Under the Mutual Reliance Review System ("MRRS") for Exemptive Relief Applications:
(a) the Ontario Securities Commission ("OSC") is the principal regulator for this application; and
(b) this MRRS decision document evidences the decision of each Decision Maker.
Defined terms contained in National Instrument 14-101 - Definitions have the same meaning in this decision unless they are defined in this decision.
This decision is based on the following representations by the Applicant:
1. MPIIF is an unincorporated, open-ended, limited purpose trust established under the laws of the Province of Ontario by a declaration of trust dated March 15, 2004, as amended and restated as of April 16, 2004 and as further amended effective February 21, 2006. The head office and registered office of MPIIF are located in Toronto, Ontario. MPIIF is a reporting issuer in all provinces and territories of Canada and is not on the list of defaulting issuers maintained in any Jurisdiction.
2. The Fund is an unincorporated, open-ended, limited purpose trust established under the laws of the Province of Ontario pursuant to a trust indenture dated October 31, 2001, as amended and restated as of July 16, 2003 (the "Trust Indenture"). The head office and registered office of the Fund are located in Toronto, Ontario. The Fund is a reporting issuer in all provinces and territories of Canada and is not on the list of defaulting issuers maintained in any Jurisdiction. The Units are listed on the Toronto Stock Exchange under the trading symbol "CLE".

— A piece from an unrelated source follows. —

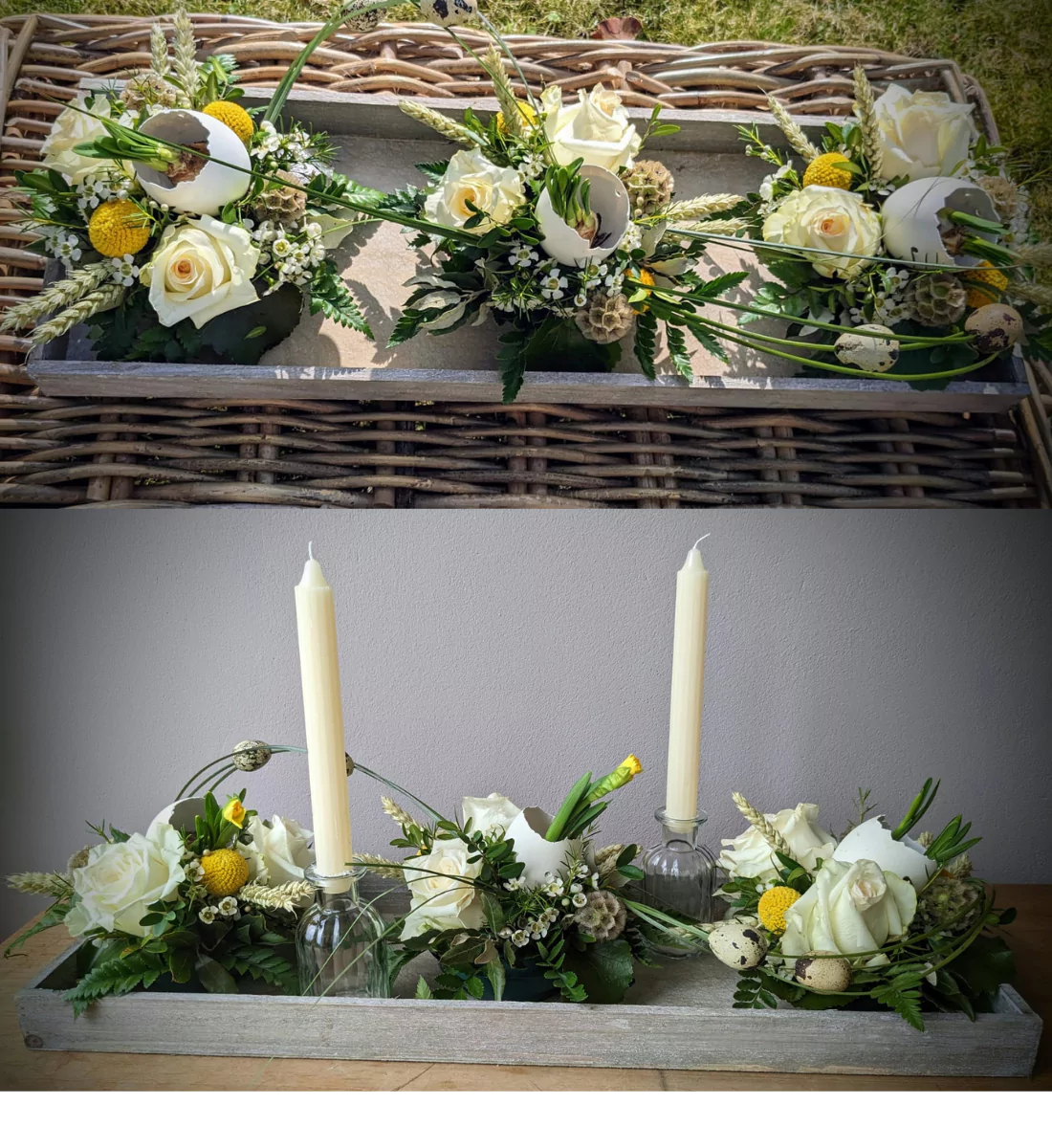 Voor extra aankleding kunt u optioneel de kaarsen in glazen vaasje er bij bestellen.
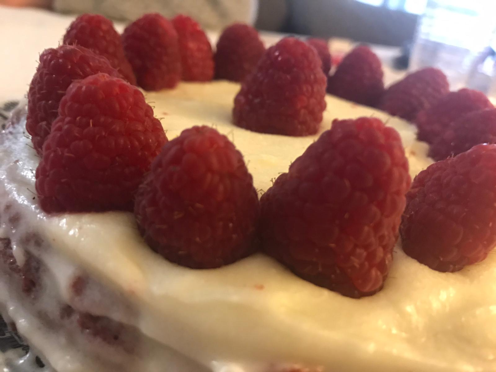 8. Una vez que están fríos los bizcochos utilizaremos uno para cada tarta. Colocamos un bizcocho sobre un plato y lo partimos transversalmente en en dos o tres rebanadas, extendemos un poco de frosting por encima y colocamos encima otra rebanada. Coronamos con frosting por encima y por los laterales. Si lo deseamos espolvoreamos con migas del bizcocho que seguro se nos han quedado adheridas al molde.

3. MPIIF, the Fund and Clean Power Operating Trust ("CPOT"), the sole beneficiary of which is the Fund, entered into a support agreement (the "Support Agreement") dated April 18, 2007, pursuant to which MPIIF agreed to make the Bid and the Fund agreed to support the Bid, all upon the terms and conditions set out in the Support Agreement. MPIIF and the Fund issued a joint press release announcing the signing of the Support Agreement on April 18, 2007.
4. In connection with the Bid and in accordance with the provisions of the Support Agreement, on May 18, 2007, MPIIF sent a take-over bid circular (the "Circular") to Unitholders and holders of the Fund's 6.75% convertible debentures due December 31, 2010 (the "Debentures").
5. The Bid is for all of the outstanding Units in consideration for 0.5581 trust units of MPIIF ("MPIIF Units") and a Contingency Value Receipt (a "CVR") for each Unit validly deposited to the Bid and not validly withdrawn.
6. The outstanding Units are held by CDS Clearing and Depository Services Inc. ("CDS") in book-entry only form.
7. One of the conditions of the Bid is that greater than 66 2/3% of the Units that are issued and outstanding on the expiry of the Bid, other than Units held at the commencement date of the Bid by or on behalf of MPIIF or its affiliates, will be validly deposited and not validly withdrawn under the Bid.
8. It is currently contemplated that:
(a) If the conditions to the Bid are satisfied or waived by MPIIF and MPIIF takes up and pays for Units deposited pursuant to the Bid, MPIIF may proceed with a compulsory acquisition of the Units not deposited to the Bid in accordance with the terms of the Trust Indenture for the same consideration per Unit as was paid under the Bid, if, within 120 days after the date of the Bid, the Bid is accepted by holders of not less than 90% of the outstanding Units and Units issuable on the exchange, conversion or exercise of any outstanding exchangeable securities (being a unit, share or other security convertible into or exchangeable for Unit(s) without the payment of additional consideration therefor, whether or not issued by the Fund), other than outstanding Units and Units issuable upon the exchange, conversion or exercise of exchangeable securities that are beneficially owned, or over which control or direction is exercised at the date of the Bid by or on behalf of MPIIF or an affiliate or an associate of MPIIF or any person or company acting jointly or in concert with MPIIF (a "Compulsory Acquisition").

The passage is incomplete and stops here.